PathwayDB is the most recent addition to PMAP and is still in its formative stages. This database contains three types of information on proteolytic pathways and networks: (i) pathways reconstructed in silico using proteolytic event(s) as an initial seed, (ii) protease inferred networks reconstructed by a focused lexical application of Cytoscape (23) and (iii) scenarios of the function of proteolytic pathways derived from rule-based modeling. PathwayDB stores and displays, upon user request, pathways previously constructed from each of these scenarios. PathwayDB is a community-driven database where a registered user can create or modify pathways. Though the current content of PathwayDB is limited, it is continuously being expanded by the group of curators at The Center on Proteolytic Pathways, and by outside users.

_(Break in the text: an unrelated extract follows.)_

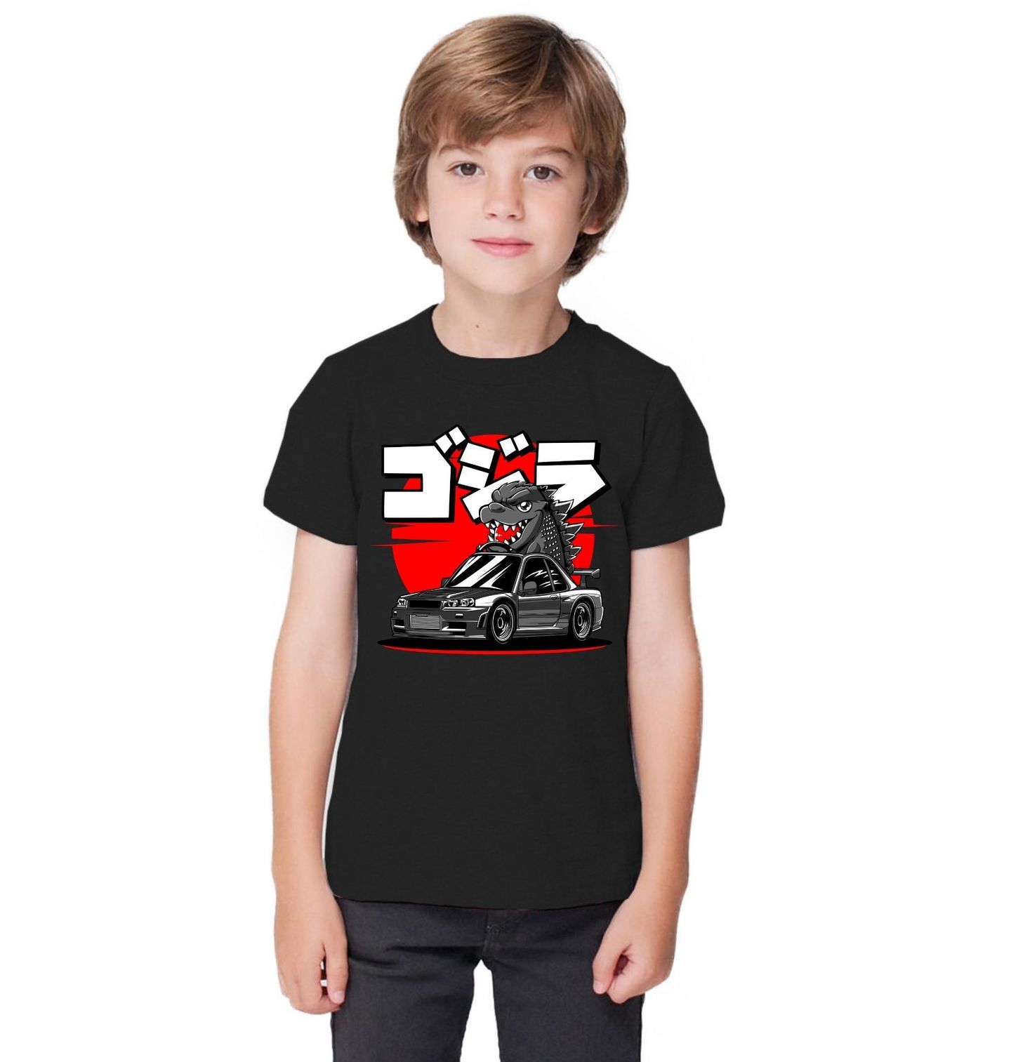 Dětské tričko Nissan Skyline Godzilla. Dominantní sportovní auto s agresivním bodykitem a výrazným zadním křídlem připomíná legendární japonské modely z éry street racingu. Nad vozem se tyčí monstrum inspirované Godzilla estetikou, které dodává motivu sílu, energii a nezaměnitelný charakter. Skvělá volba pro milovníky JDM stylu, tuningové scény a výrazného designu, který okamžitě zaujme.

Event-driven reconstruction

Single-order proteolytic pathways are reconstructed in silico by using proteolytic events from CutDB as a seed. The user can select an event, or a series of proteolytic events, and the system constructs a network diagram in which the nodes correspond to proteases and substrates (Figure 3A). Hence, one can easily visualize all of the substrates for a given protease, or even all of the proteases that cleave a given substrate. These networks can be expanded to another level by including protein–protein interaction data taken from the IntAct database and homology information from UniRef (24). This allows a vastly simplified visualization of the network and eliminates a great deal of redundancy. In the network diagrams that are generated, the substrate names are converted into HUGO gene symbols (25), which are stored in NCBI RefSeq records. Reconstructed network can be submitted for storage to PathwayDB (with appropriate title and description given by the author) and retrieved by any user.

Figure 3.

Three types of information in PathwayDB. (A) Automated network reconstruction for one proteolytic events caused by ADAM17 peptidase and Notch1 preproprotein. Left panel: from CutDB front page, users search for the events. Middle panel: selection of events to reconstruct networks. Users can also define three parameters to show the network diagrams: (i) ID display mode; (ii) flexibility of connection, the nodes are connected within given threshold of sequence similarity; and (iii) steps of expanding, the edges are extended by given extension level. Right panel: the reconstructed pathway. The red arrows indicate the selected events. The black arrows indicate expanded events. The nonarrows edges are protein–protein interactions. (B) Proteolytic inferred networks. Left panel: PubMed-XML writer, a web service for extracting Medline abstracts, is used to delimit lexical queries, for example ‘complement AND proteolysis’. These abstracts are then assembled in XML format and submitted to Agilent Literature Search, acting as plug-in to Cytoscape (middle panel), which parses sentences containing ontologically known entities (such as gene and protein names). Cytoscape takes these gene/protein names and builds interactive networks as hyper-graphs. Right panel: hyper-graph generated for one ‘Network of the month’ entitled ‘Complement activation and regulation 01’. This network captured five proteases (nodes in yellow) that interplay with six substrates (nodes in green), four cofactors (nodes in light yellow), two inhibitors (nodes in red) and other binding proteins such as C4BP (white nodes). (C) Rule-based modeling of network function. Left panel: schematic representation of major events involved in coagulation. Middle panel: rules for coagulation cascade. Right panel: modeling of production/consumption profiles of individual components of the pathway using an in-house developed rule-based model for coagulation. In the plot, the x-axis denoted the time of simulations (100 iterations) and the y-axis is the molecular concentrations in nanomolar (0–100 000).

Proteolytic inferred networks

PathwayDB contains inferred networks in the form of a ‘Network of the month’. These networks are developed using a focused application of Cytoscape (23). Ultimately, PMAP will provide users with the opportunity to construct networks in the same manner. The ‘Network of the month’ is a natural language processing (NLP)-based and author-driven network of molecular events including proteolysis of interest. It is extracted from natural language text such as PubMed abstracts, and is represented in a hierarchical hyper-graph data structure (23,26). By adding this new capability to Cytoscape, we are able to extract information on proteolytic events from Medline and automatically reconstruct protease inferred networks. The example network shown in Figure 3B was constructed starting from a simple two-word query (e.g. ‘complement AND proteolysis’) to PubMed. GO names found in the resulting 396 MEDLINE abstracts were imported into Cytoscape to generate the literature-supported inferred network.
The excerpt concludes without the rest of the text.